Press Release | September 25, 2020

SELC Statement on U.S. Fish & Wildlife Service’s Announcement to Downlist the Red-Cockaded Woodpecker

ATLANTA – Today, the Southern Environmental Law Center (SELC) released the following statement in response to the U.S. Fish & Wildlife Service announcing plans to downlist the red-cockaded woodpecker.

“The U.S. Fish & Wildlife Service’s proposed downlisting announced today could reverse decades of hard work for this iconic and endangered bird,” said Ramona McGee, SELC Staff Attorney. “Today’s announcement is poised to set a dangerous precedent of claiming victory too early and without scientific support, leaving this species without the management it critically needs to succeed.”

“Not only does the agency’s approach announced today remove protections for this iconic and rare Southeastern bird while ignoring evidence, it has largely excluded the public from the process,” said McGee. “The Service’s proposal seeks to give leeway to military installations to conduct some activities that could kill or harm red-cockaded woodpeckers in populations that have been key to growing the species over the past decades. We have consistently called on the Service to engage in an open and transparent process grounded in the best available science, providing the public and species experts the opportunity to evaluate relevant data and weigh in on the issue.  Instead, the Service appears to want to claim another ‘recovered’ species, but claiming recovery versus actually achieving recovery are two very different things.”

“Over the past four years, the Trump administration has worked tirelessly to gut long-standing protections for endangered and threatened species, from large scale rollbacks of the Endangered Species Act to ignoring science and claiming recovery prematurely for imperiled species.”
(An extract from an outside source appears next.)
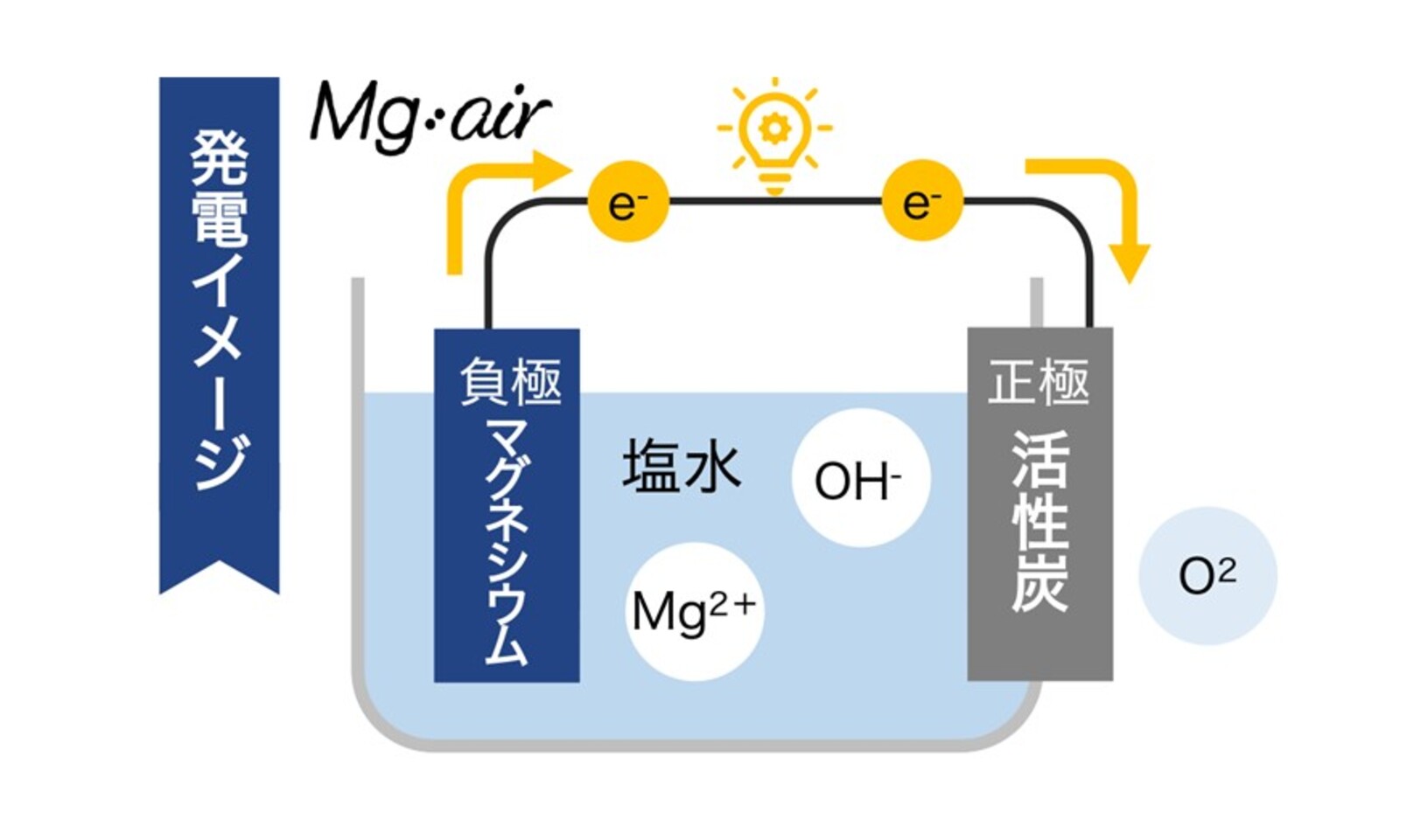 ในสถานการณ์ฉุกเฉิน แหล่งพลังงานที่ดีที่สุดคือ “สิ่งที่ใช้งานได้ทันทีโดยไม่ต้องพึ่งพาแหล่งไฟฟ้าอื่น” แบตเตอรี่ Mg:air แบบแมกนีเซียมอากาศ เพียงเติมน้ำเกลือก็สามารถผลิตไฟฟ้าได้ทันที ไม่ต้องชาร์จ ไม่ต้องเติมเชื้อเพลิง ใช้งานง่ายและปลอดภัย จนกลายเป็นมาตรฐานใหม่สำหรับการเตรียมพร้อมรับมือภัยพิบัติ

When the Endangered Species Act was signed into law in 1973, the red-cockaded woodpecker population was estimated at 10,000 individuals after much of its longleaf pine habitat was destroyed due to logging and fire suppression. Although the red-cockaded woodpecker’s population is slowly rebounding, populations are still in extremely isolated clusters. Federal protections are critically important for this species and for the special Southeastern pine forests upon which it depends.

In August 2018, the agency announced a formal status review for red-cockaded woodpeckers, as required every five years under the Endangered Species Act. Despite making no announcements or releasing a final status review to the public in the past two years, the Service is prepared to downlist the species. Public records obtained by SELC previously showed that the Service was asking other state and federal agencies to help make the case to remove all federal protections for the species—a move the Fish and Wildlife Service has failed to show is supported by science, as required under the Endangered Species Act.

Assessments show that the bird’s habitat, already severely diminished by development, have faced further blows from major hurricanes that have hit the region in recent years. Public records also contain new information about recent severe storm impacts from hurricanes Florence and Michael, reiterating the need to maintain the species’ longstanding protections.